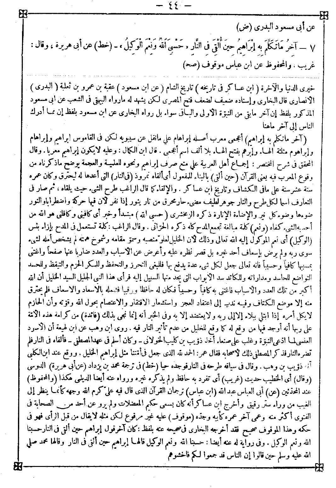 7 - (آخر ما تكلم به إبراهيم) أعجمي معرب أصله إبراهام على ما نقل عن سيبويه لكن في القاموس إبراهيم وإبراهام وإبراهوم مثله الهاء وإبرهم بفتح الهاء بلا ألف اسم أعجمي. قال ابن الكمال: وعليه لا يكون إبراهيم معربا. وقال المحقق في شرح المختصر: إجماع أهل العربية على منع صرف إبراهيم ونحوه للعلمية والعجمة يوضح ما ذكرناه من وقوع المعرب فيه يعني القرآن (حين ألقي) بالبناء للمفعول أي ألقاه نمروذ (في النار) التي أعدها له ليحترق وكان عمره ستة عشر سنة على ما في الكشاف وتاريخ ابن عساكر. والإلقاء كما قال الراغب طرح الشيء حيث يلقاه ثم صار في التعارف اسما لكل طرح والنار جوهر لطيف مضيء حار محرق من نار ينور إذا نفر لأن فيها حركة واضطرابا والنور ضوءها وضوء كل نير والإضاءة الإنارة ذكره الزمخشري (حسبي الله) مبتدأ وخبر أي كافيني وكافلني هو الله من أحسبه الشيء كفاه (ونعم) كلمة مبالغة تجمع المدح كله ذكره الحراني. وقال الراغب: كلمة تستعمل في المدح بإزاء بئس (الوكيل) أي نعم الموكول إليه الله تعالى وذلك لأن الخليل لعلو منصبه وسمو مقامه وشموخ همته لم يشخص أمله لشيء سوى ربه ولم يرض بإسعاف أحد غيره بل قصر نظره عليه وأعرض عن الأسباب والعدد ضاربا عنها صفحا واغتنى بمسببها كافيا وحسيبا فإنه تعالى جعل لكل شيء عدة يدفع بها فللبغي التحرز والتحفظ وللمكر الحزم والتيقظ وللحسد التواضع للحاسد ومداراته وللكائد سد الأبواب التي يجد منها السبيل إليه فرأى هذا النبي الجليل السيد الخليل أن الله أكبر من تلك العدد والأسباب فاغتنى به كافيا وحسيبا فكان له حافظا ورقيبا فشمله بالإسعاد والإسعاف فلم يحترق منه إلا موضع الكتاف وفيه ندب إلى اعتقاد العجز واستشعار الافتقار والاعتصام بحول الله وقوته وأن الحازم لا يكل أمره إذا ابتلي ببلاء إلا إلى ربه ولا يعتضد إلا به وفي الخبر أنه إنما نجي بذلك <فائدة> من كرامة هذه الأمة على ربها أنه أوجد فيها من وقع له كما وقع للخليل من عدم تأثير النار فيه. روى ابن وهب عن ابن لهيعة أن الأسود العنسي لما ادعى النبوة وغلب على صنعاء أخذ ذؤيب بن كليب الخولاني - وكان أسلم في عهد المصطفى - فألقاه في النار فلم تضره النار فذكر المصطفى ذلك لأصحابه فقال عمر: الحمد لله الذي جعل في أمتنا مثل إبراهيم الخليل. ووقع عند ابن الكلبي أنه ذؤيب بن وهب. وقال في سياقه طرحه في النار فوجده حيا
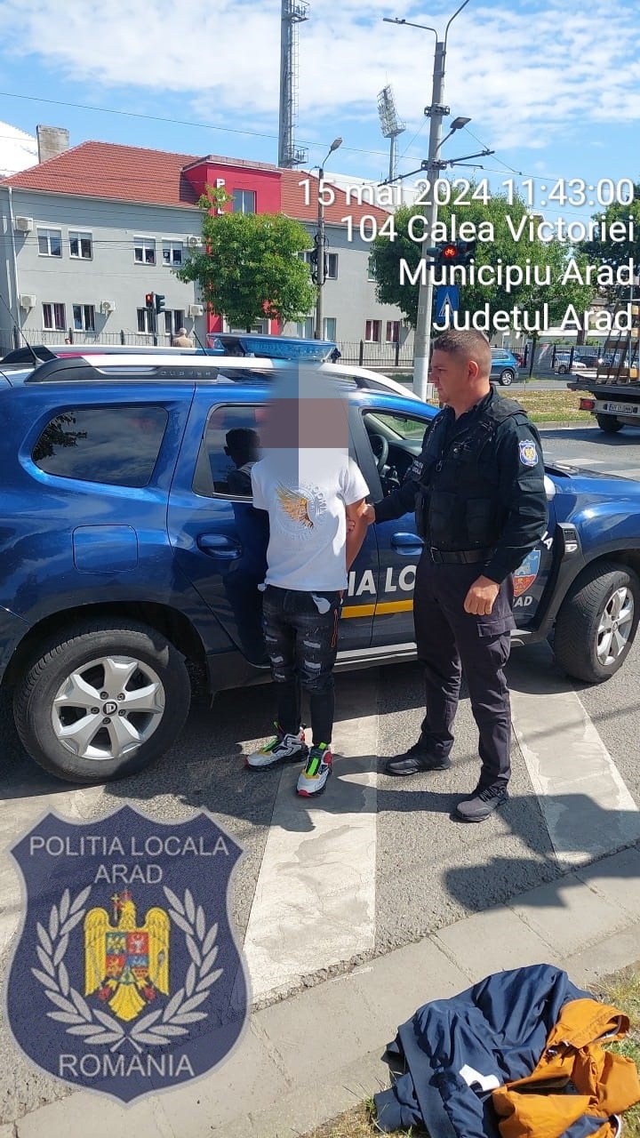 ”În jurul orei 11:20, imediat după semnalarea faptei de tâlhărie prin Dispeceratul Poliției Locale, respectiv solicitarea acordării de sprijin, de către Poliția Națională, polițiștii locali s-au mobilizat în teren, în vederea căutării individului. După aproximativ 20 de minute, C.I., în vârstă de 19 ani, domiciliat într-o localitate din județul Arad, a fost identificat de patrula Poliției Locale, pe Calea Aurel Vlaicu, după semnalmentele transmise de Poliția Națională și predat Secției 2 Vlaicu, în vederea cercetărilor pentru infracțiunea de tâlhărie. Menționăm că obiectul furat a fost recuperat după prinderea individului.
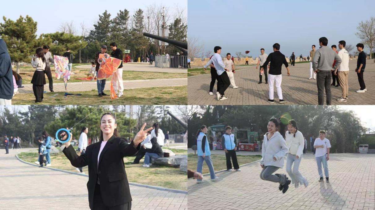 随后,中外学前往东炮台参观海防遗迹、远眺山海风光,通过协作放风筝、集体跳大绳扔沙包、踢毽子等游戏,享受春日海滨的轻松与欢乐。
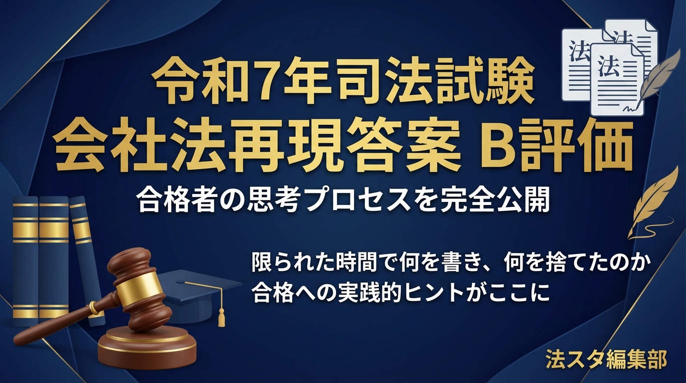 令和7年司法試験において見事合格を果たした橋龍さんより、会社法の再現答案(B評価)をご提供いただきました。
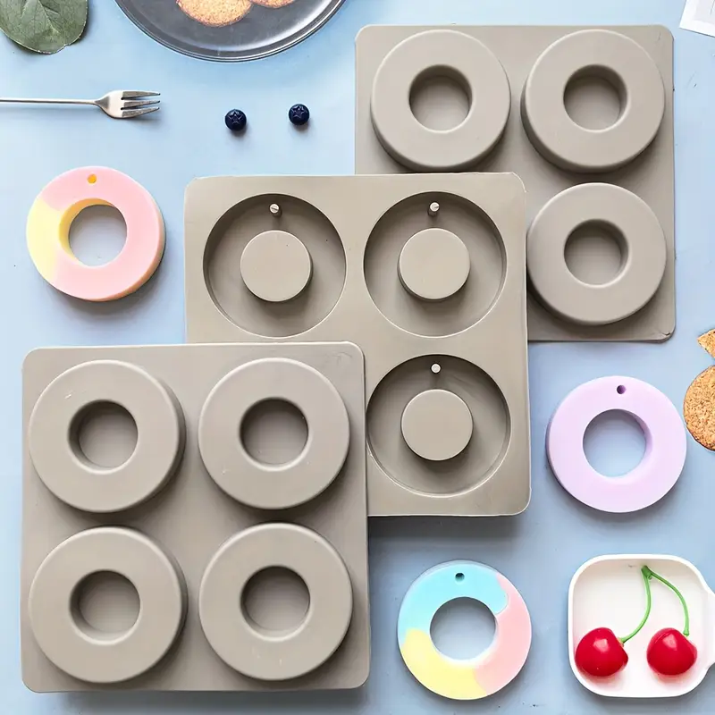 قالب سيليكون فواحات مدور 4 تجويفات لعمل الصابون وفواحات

--

## WHAT YOU SHOULD DO
Your task is to repeat the records exactly. Images do not belong in the copy.

## WRITTEN RESPONSE
 7 - (آخر ما تكلم به إبراهيم) أعجمي معرب أصله إبراهام على ما نقل عن سيبويه لكن في القاموس إبراهيم وإبراهام وإبراهوم مثله الهاء وإبرهم بفتح الهاء بلا ألف اسم أعجمي. قال ابن الكمال: وعليه لا يكون إبراهيم معربا. وقال المحقق في شرح المختصر: إجماع أهل العربية على منع صرف إبراهيم ونحوه للعلمية والعجمة يوضح ما ذكرناه من وقوع المعرب فيه يعني القرآن (حين ألقي) بالبناء للمفعول أي ألقاه نمروذ (في النار) التي أعدها له ليحترق وكان عمره ستة عشر سنة على ما في الكشاف وتاريخ ابن عساكر. والإلقاء كما قال الراغب طرح الشيء حيث يلقاه ثم صار في التعارف اسما لكل طرح والنار جوهر لطيف مضيء حار محرق من نار ينور إذا نفر لأن فيها حركة واضطرابا والنور ضوءها وضوء كل نير والإضاءة الإنارة ذكره الزمخشري (حسبي الله) مبتدأ وخبر أي كافيني وكافلني هو الله من أحسبه الشيء كفاه (ونعم) كلمة مبالغة تجمع المدح كله ذكره الحراني. وقال الراغب: كلمة تستعمل في المدح بإزاء بئس (الوكيل) أي نعم الموكول إليه الله تعالى وذلك لأن الخليل لعلو منصبه وسمو مقامه وشموخ همته لم يشخص أمله لشيء سوى ربه ولم يرض بإسعاف أحد غيره بل قصر نظره عليه وأعرض عن الأسباب والعدد ضاربا عنها صفحا واغتنى بمسببها كافيا وحسيبا فإنه تعالى جعل لكل شيء عدة يدفع بها فللبغي التحرز والتحفظ وللمكر الحزم والتيقظ وللحسد التواضع للحاسد ومداراته وللكائد سد الأبواب التي يجد منها السبيل إليه فرأى هذا النبي الجليل السيد الخليل أن الله أكبر من تلك العدد والأسباب فاغتنى به كافيا وحسيبا فكان له حافظا ورقيبا فشمله بالإسعاد والإسعاف فلم يحترق منه إلا موضع الكتاف وفيه ندب إلى اعتقاد العجز واستشعار الافتقار والاعتصام بحول الله وقوته وأن الحازم لا يكل أمره إذا ابتلي ببلاء إلا إلى ربه ولا يعتضد إلا به وفي الخبر أنه إنما نجي بذلك <فائدة> من كرامة هذه الأمة على ربها أنه أوجد فيها من وقع له كما وقع للخليل من عدم تأثير النار فيه. روى ابن وهب عن ابن لهيعة أن الأسود العنسي لما ادعى النبوة وغلب على صنعاء أخذ ذؤيب بن كليب الخولاني - وكان أسلم في عهد المصطفى - فألقاه في النار فلم تضره النار فذكر المصطفى ذلك لأصحابه فقال عمر: الحمد لله الذي جعل في أمتنا مثل إبراهيم الخليل. ووقع عند ابن الكلبي أنه ذؤيب بن وهب. وقال في سياقه طرحه في النار فوجده حيا
 ”În jurul orei 11:20, imediat după semnalarea faptei de tâlhărie prin Dispeceratul Poliției Locale, respectiv solicitarea acordării de sprijin, de către Poliția Națională, polițiștii locali s-au mobilizat în teren, în vederea căutării individului. După aproximativ 20 de minute, C.I., în vârstă de 19 ani, domiciliat într-o localitate din județul Arad, a fost identificat de patrula Poliției Locale, pe Calea Aurel Vlaicu, după semnalmentele transmise de Poliția Națională și predat Secției 2 Vlaicu, în vederea cercetărilor pentru infracțiunea de tâlhărie. Menționăm că obiectul furat a fost recuperat după prinderea individului.
 随后,中外学前往东炮台参观海防遗迹、远眺山海风光,通过协作放风筝、集体跳大绳扔沙包、踢毽子等游戏,享受春日海滨的轻松与欢乐。
 令和7年司法試験において見事合格を果たした橋龍さんより、会社法の再現答案(B評価)をご提供いただきました。
 قالب سيليكون فواحات مدور 4 تجويفات لعمل الصابون وفواحات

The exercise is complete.